### Work order
Retype every line from the top of the entries down to the one with "Decomposing clubroot gall", both included, and skip the pictures.

======== Entries supplied ========

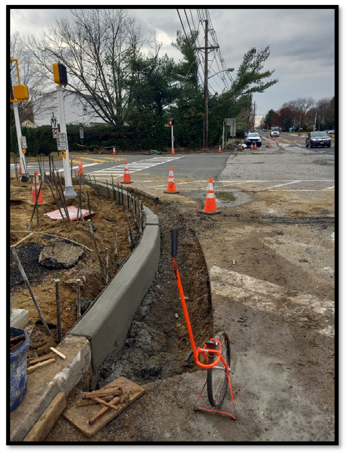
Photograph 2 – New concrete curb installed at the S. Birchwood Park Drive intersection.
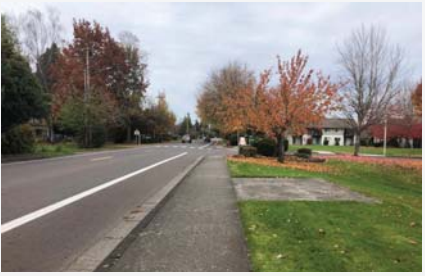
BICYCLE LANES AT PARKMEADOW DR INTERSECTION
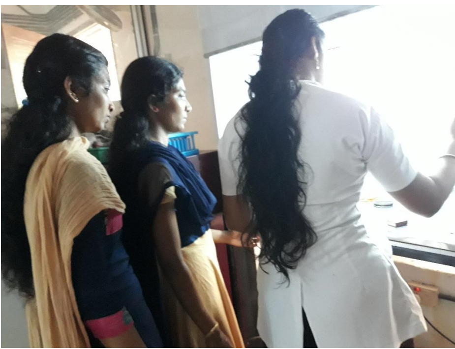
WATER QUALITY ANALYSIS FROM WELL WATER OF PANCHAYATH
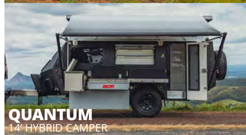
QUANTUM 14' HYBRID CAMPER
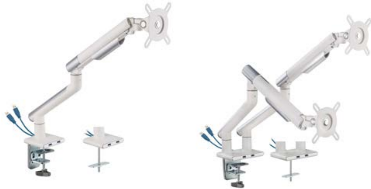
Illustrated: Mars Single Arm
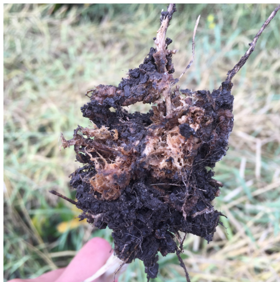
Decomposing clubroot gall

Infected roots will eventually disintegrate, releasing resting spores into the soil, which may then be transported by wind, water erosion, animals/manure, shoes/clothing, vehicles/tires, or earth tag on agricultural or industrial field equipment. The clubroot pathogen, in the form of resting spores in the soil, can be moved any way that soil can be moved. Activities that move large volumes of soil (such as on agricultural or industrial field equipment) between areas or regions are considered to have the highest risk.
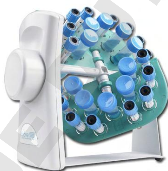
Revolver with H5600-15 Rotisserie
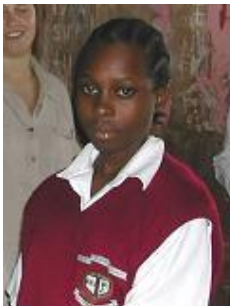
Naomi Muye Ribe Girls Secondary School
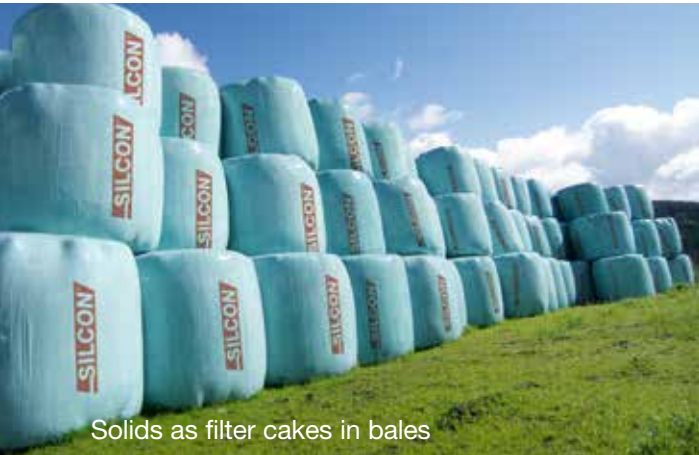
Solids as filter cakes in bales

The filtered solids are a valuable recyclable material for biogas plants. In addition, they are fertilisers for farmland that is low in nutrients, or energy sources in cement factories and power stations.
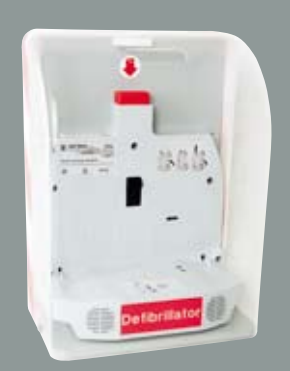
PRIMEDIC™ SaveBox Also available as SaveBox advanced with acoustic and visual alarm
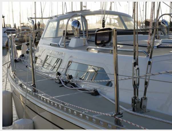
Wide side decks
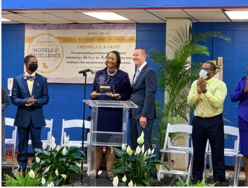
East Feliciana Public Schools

========

### Answer section
Photograph 2 – New concrete curb installed at the S. Birchwood Park Drive intersection.
BICYCLE LANES AT PARKMEADOW DR INTERSECTION
WATER QUALITY ANALYSIS FROM WELL WATER OF PANCHAYATH
QUANTUM 14' HYBRID CAMPER
Illustrated: Mars Single Arm
Decomposing clubroot gall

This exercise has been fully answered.